Şampiyonluk ipini göğüsleyen takımların belli olduğu, heyecan dolu bir ayı geride bıraktık. Mayıs ayı bir kez daha Galatasaray’ın şampiyonluğa ulaştığı bir ay oldu. Sezona Şampiyonlar Ligi tarihindeki en talihli kurasını çekerek başlayan Cimbom, bir sezon öncesi rekor kırarak gol kralı olan forvetini satmasına rağmen yönetimsel plansızlıklardan ve kulüpte çalışan profesyonellerin Finansal Fair Play kısıtlamalarını yanlış hesaplamalarından dolayı Gomis’in yerini dolduramadı ve bunun bedeli, Türk olmayan takımları yenme amacıyla kurulan Galatasaray için ağır oldu. Şampiyonlar Ligi grubunda üçüncü olarak yoluna Avrupa Ligi’nde devam eden Cimbom, Avrupa Ligi’nde VAR sisteminin uygulanmamasının kurbanı oldu ve rakibi Benfica’ya, hakemlerin skandal kararları sonucunda elendi. Sarı kırmızılılar, devre arasında yaptığı isabetli transferlerle kadrosunu güçlendirdi. Almış olduğu 10 maçlık cezaya ve ligde 8 puan geriye düşmesine rağmen mücadeleyi bırakmayan Galatasaray’ın imparatoru Fatih Terim: “8 de kapanır, 18 de…” diyerek fitili ateşledi ve mücadelenin sonunda Galatasaray, Halk Ekmek’in bile sponsor olduğu Başakşehir’i yenerek Süper Lig’deki 22. zaferini ilan etti.

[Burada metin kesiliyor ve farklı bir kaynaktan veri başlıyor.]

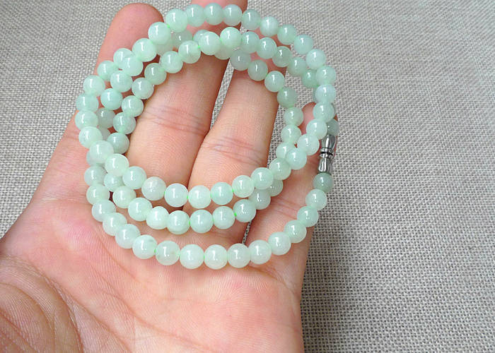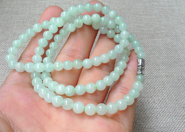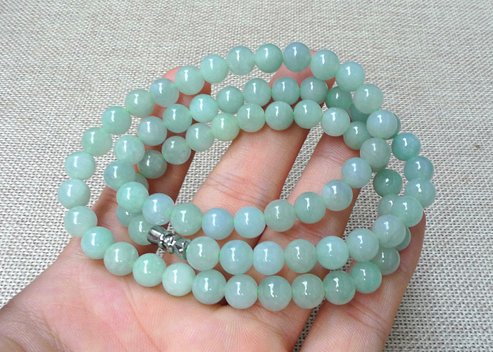 【名称】-缅甸天然翡翠A货水润浅绿项链【尺寸】-7.6mm【价格】-299元【简介】- 种水佳,玉质水润,浅绿,个别有纹裂,无影响。
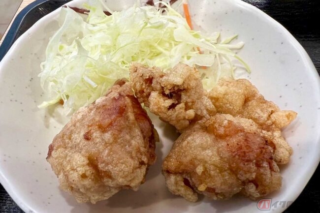 ということで、夜に立ち寄った「鮎沢PA」でオーダーしたのは「マーボー定食」(850円)です。出来上がりを見ると、いつも通り量多め! メインの麻婆豆腐に加えて唐揚げが2個、油揚げが入ったみそ汁と漬物、そして多めのご飯という布陣です。
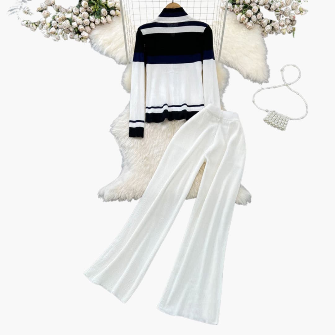 Dame sæt med lynlås cardigan og bredbensbukser med mønster
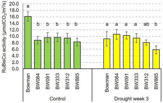 Interestingly, drought resulted in a very significant decline in the RuBisCO activity specifically in the “Bowman” cultivar. In this genotype, the RuBisCO activity under the drought conditions was decreased by 43% when compared with the control value. Generally, the stress did not change the RuBisCO activity significantly in the analyzed NILs. Consequently, in all the analyzed genotypes (“Bowman” and the analyzed NILs), the values of the RuBisCO activity under drought stress were at a similar level (Figure 4).
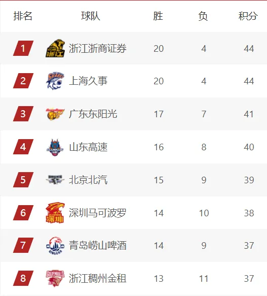积分榜第四名则属于山东队,他们在这一轮比赛击败江苏队以后,球队的战绩已经变成16胜8负,对于广东队已经形成威胁了。积分榜第5名则是北京队,他们这一轮比赛同样大胜,成功拿到第15胜。第6名则属于深圳队,他们在输给辽宁队以后,战绩变成14胜10负,下滑到积分榜第6。积分榜第7则是青岛队,而第8名则属于浙江队。山西队这一轮大胜吉林队后,战绩变成13胜11负,排在积分榜第9名。
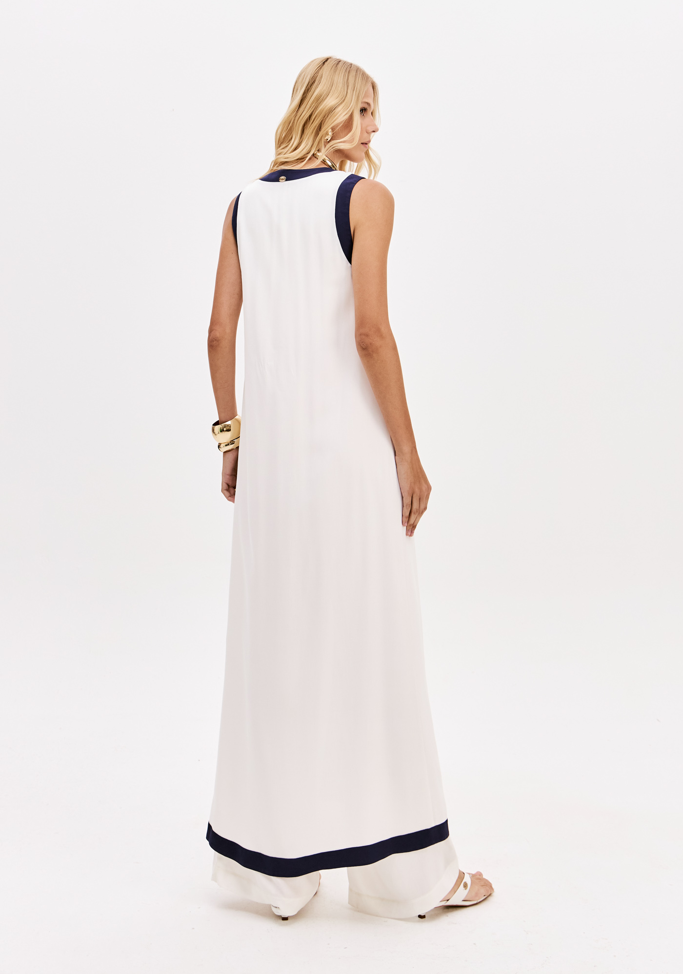 Os acabamentos em azul marinho nos ombros e na bainha reforçam a estética contemporânea com inspiração náutica sofisticada.
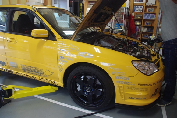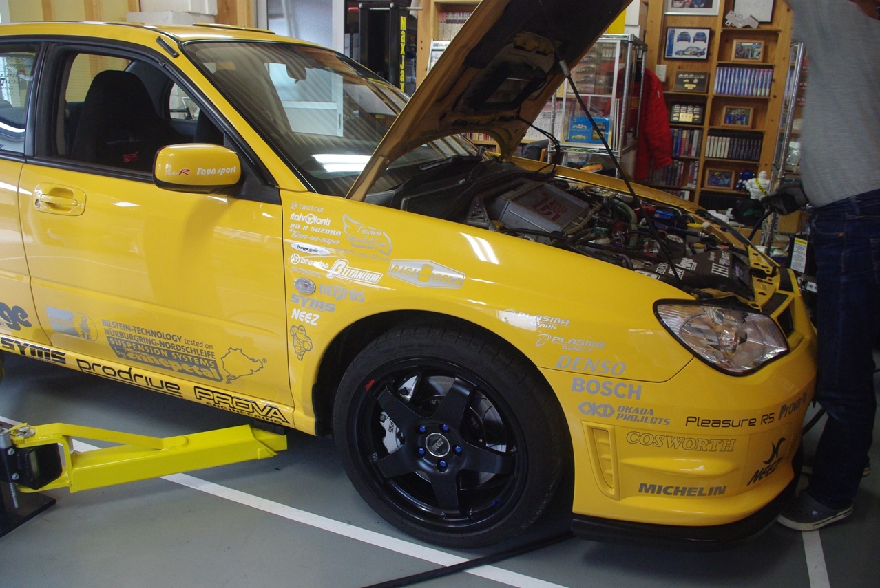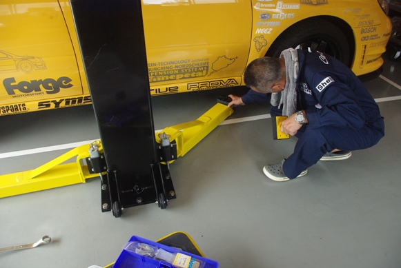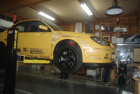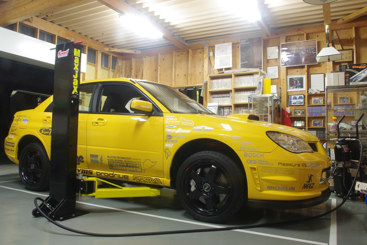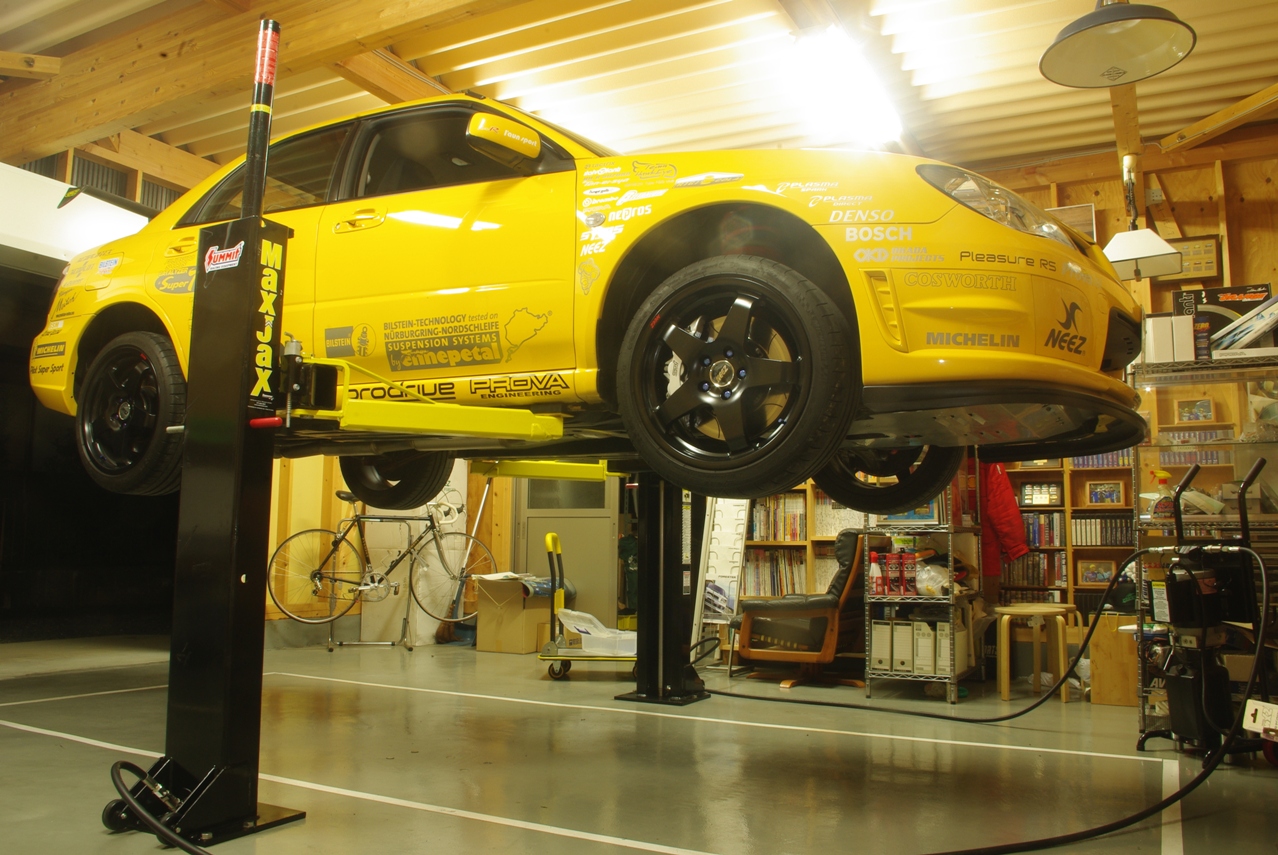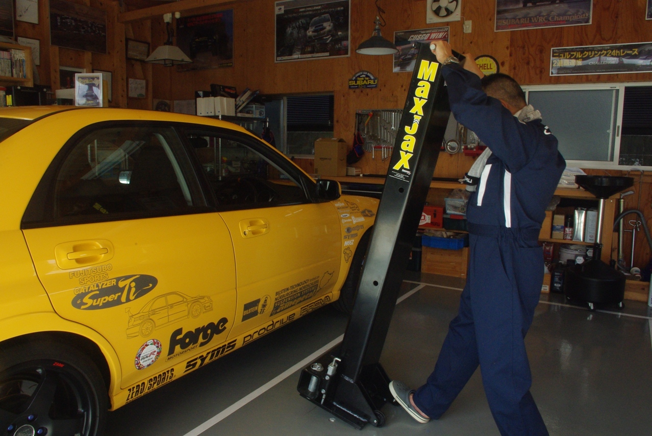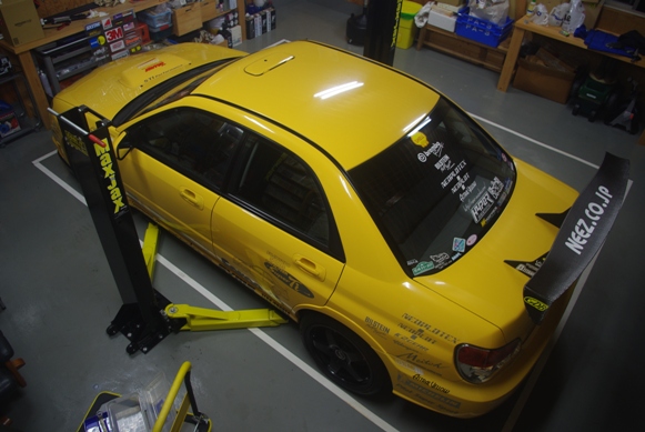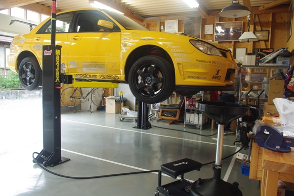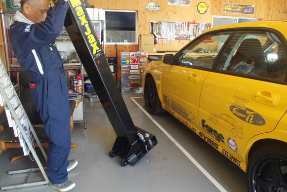 エンジンフードを閉めてからリフトアップします。(これを忘れると、天井の大梁にフードの先端が接触してしまいます)

Mustafa Cengiz yönetimi, kulüp içerisinde yaşanan birtakım gerginliklerin ardından idari açıdan ibra olmamasına rağmen ödemeleri zamanında yaparak elini taşın altına soktu. İdari ibrasızlığa tedbir kararı koyduran yönetimin seçimlere girip giremeyeceği, 13 Haziran’da mahkemeden çıkacak olan karara bağlı. Bana kalırsa, Mustafa Cengiz yönetiminin bu mahkeme kararının sonucundan daha fazla endişe duyması gereken başka bir seçim vardı. O da 1 Haziran’da yapılan Türkiye Futbol Federasyonu (TFF) Başkanı’nın ve yönetim kurulunun seçildiği, Türk futbolunun geleceğini yakından ilgilendiren seçimdi. Elbette bu seçim sadece Galatasaray’ı değil, bütün Türk takımlarını yakından ilgilendiriyordu. Aylardır yazılı ve görsel basında yer alan haberlere göre, Nihat Özdemir’in yeni TFF Başkanı olması bekleniyordu. Birçok medya mensubu; Nihat Özdemir’in seçilen değil, atanan bir başkan olduğunu ifade etmesine rağmen Nihat Özdemir’in iyi bir başkan olabileceği görüşündeydi, fakat Nihat Özdemir’in yabancı sınırlaması ile ilgili yaptığı açıklamalar, Nihat Özdemir’i savunan bazı medya mensuplarının bile fikrini değiştirdi. Nihat Özdemir, yapmış olduğu açıklamada; yabancı oyuncu sayısının artmasıyla, liglerin kalitelerinin arttığını ifade etmesinin ardından yabancı oyuncu sayısını düşüreceklerini ve halkın da bu görüşte olduğunu söylemesi infial yarattı. Bu durum, Nihat Özdemir’in daha başkan bile olmadan birçok kişiyi karşısına almasına neden oldu; fakat buna rağmen 1 Haziran’da TFF Başkanı seçildi.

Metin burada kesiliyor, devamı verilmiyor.